The House Formula

Lately, I’ve kind of been sucked into watching “House”. It used to come on after “Bones”, so I used to watch the occasional episode. That was before the days of the DVR; now I very rarely watch a television show when it actually airs. For all I know, “House” might still follow “Bones”. Mainly I’ve been watching reruns. Sometimes I catch them coming on, and other times I set them ahead to record.

“House” is a pretty formulaic show, though. Here is the set-up of every episode:

In the opening scene, some unsuspecting person has an emergency situation and is taken to the hospital. Dr. House’s boss, Dr. Cuddy, or one of his flunkies brings him the patient’s file which he completely dismisses as a commonplace illness until he is told about one completely unrelated symptom. He then accepts that the patient’s problem may be exotic enough to warrant his genius. Dr. House then assembles his flunkies to brainstorm about the cause in front of a dry-erase board. He proceeds to insult them and then send them off to run various tests on the patient. The patient gets worse. Dr. House insults his flunkies more, insults the patient, insults the patient’s family, insults his boss, and harasses his best friend Dr. Wilson. After several unorthodox hit-and-miss treatments, they figure out what’s wrong with the patient and start the real treatment. But something goes wrong and the patient crashes, starts bleeding out of some orifice, or suddenly is unable to breath. House and team realize they had the wrong diagnoses. At the last month House discovers some missing clue and deduces without help from anyone what the real problem is. The patient is saved. There is usually some secondary plot line that is tied to the medical emergency by a sappy closing scene.

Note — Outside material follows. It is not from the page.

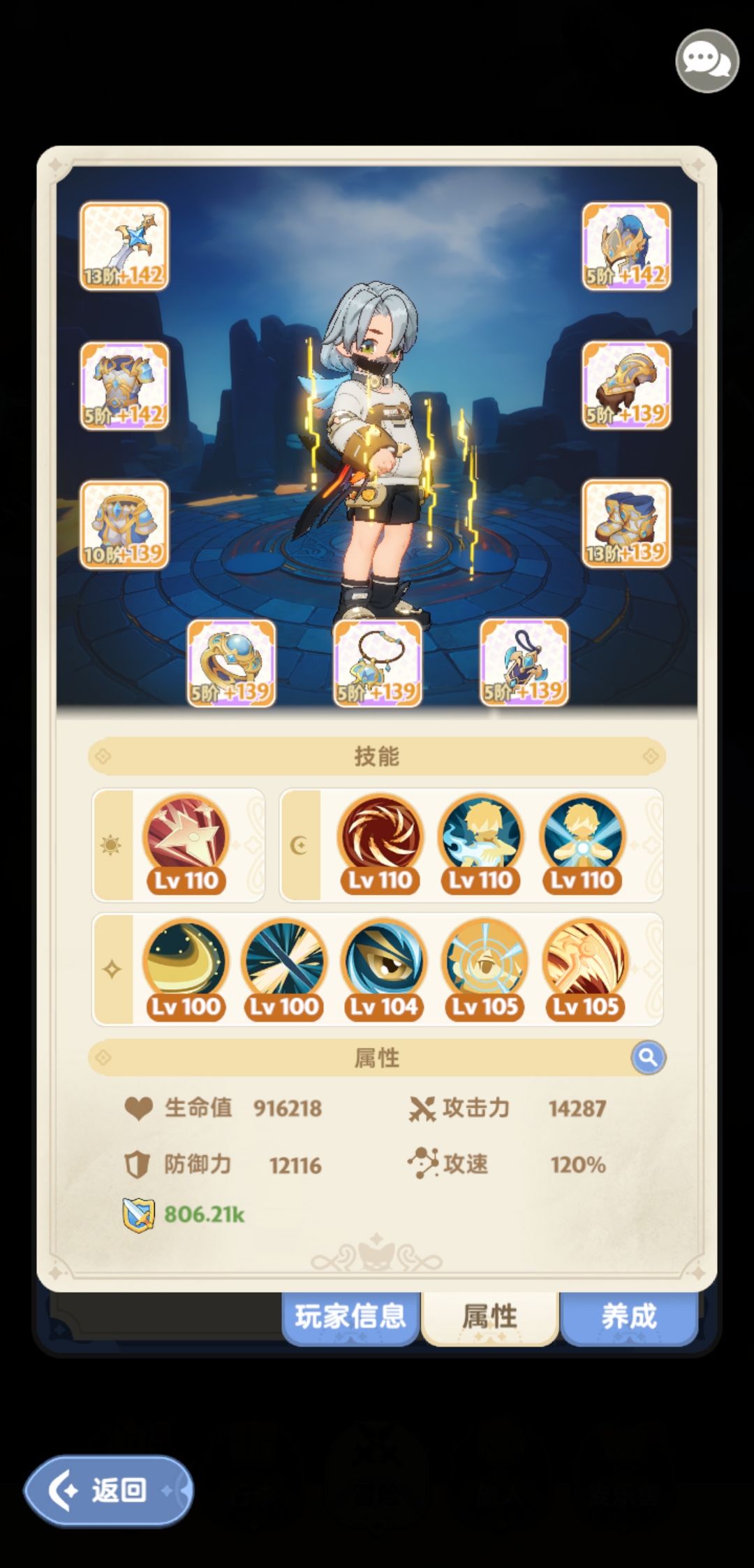 左线类似二转一锤法师,赌巧爆,优先拉高巧爆,1急速=0.85%冰伤 天赋:左线,暴击,技巧 战技:五步,返璞,专属 被动:两个专属,缓慢,雨露,触类 手法:五步->返璞->专属,等读条最后一点手动觉醒 我的面板如下,猫用的四个三代猫,硬币金3,坐骑用的虹光,两暴击两技巧 虽然我的伤害确实挺低的,不过比我昨天用五步自动右线伤害稍微高点,我昨天左线5000-6000亿,右线9800亿多一点,用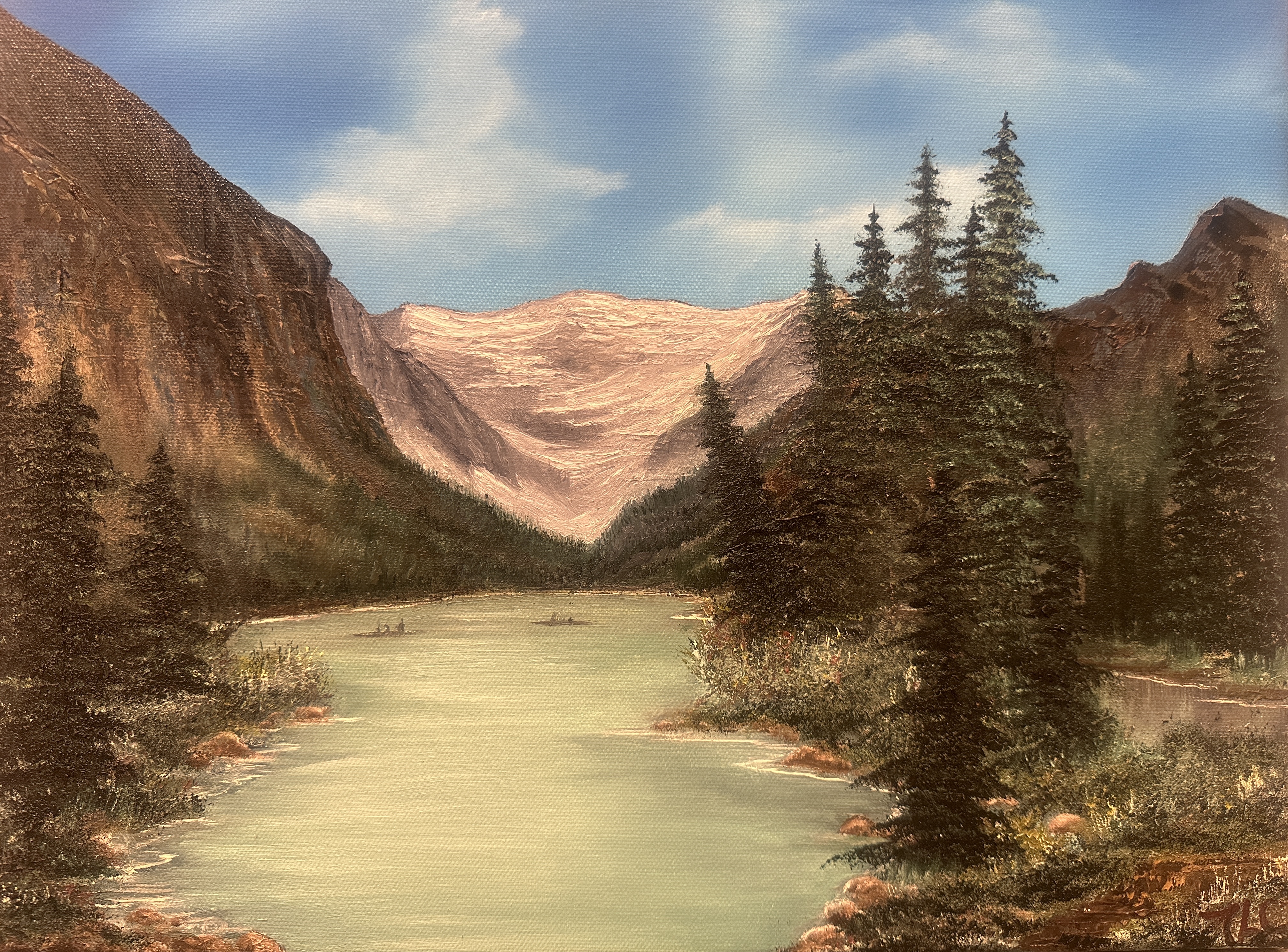 $185 USD Buy Now : https://paintwithtlc.thrivecart.com/a-mountain-lake-adventure-awaits-12×16/

You have just seen every episode of “House”. Thanks to the power of the DVR, I’ve noticed another nuance to the formula. For instance, the big crash/bleeding/can’t breath catastrophe always occurs between 38 and 40 minute mark of the show. I wonder if I sat down long enough if I could tie in every sentence of my summary to a time stamp. Probably.

Of course, the real question is why in the world do I keep watching this show when I know pretty much what is going to happen in every episode? I mean Hugh Laurie is a superb actor; in his role as Dr. House you would never know he was British if no one told you. I don’t think that it is it, though. I do like the dramatic sub-plots and comedic quips. I’m especially intrigued by the season where he is trying to replace his flunky team and slowly eliminates possible contenders from a big group of candidates, even though I’ve only seen a few episodes from that season and I know who wins the competition.

I know to some extent all shows are formulaic. For some reason, though, “House” really stands out as the most obvious formula to me. And I don’t know if “House” will ever hold the same level of obsession for me as say the enigmatic “Lost” has or the more subtle pullings of some of my other shows. It’s very possible that I am just filling my downtime with something new, and then once I’ve seen all of the episodes I will just move on to a different syndicated show. For now I’ll just sit back and enjoy the verbal abuse.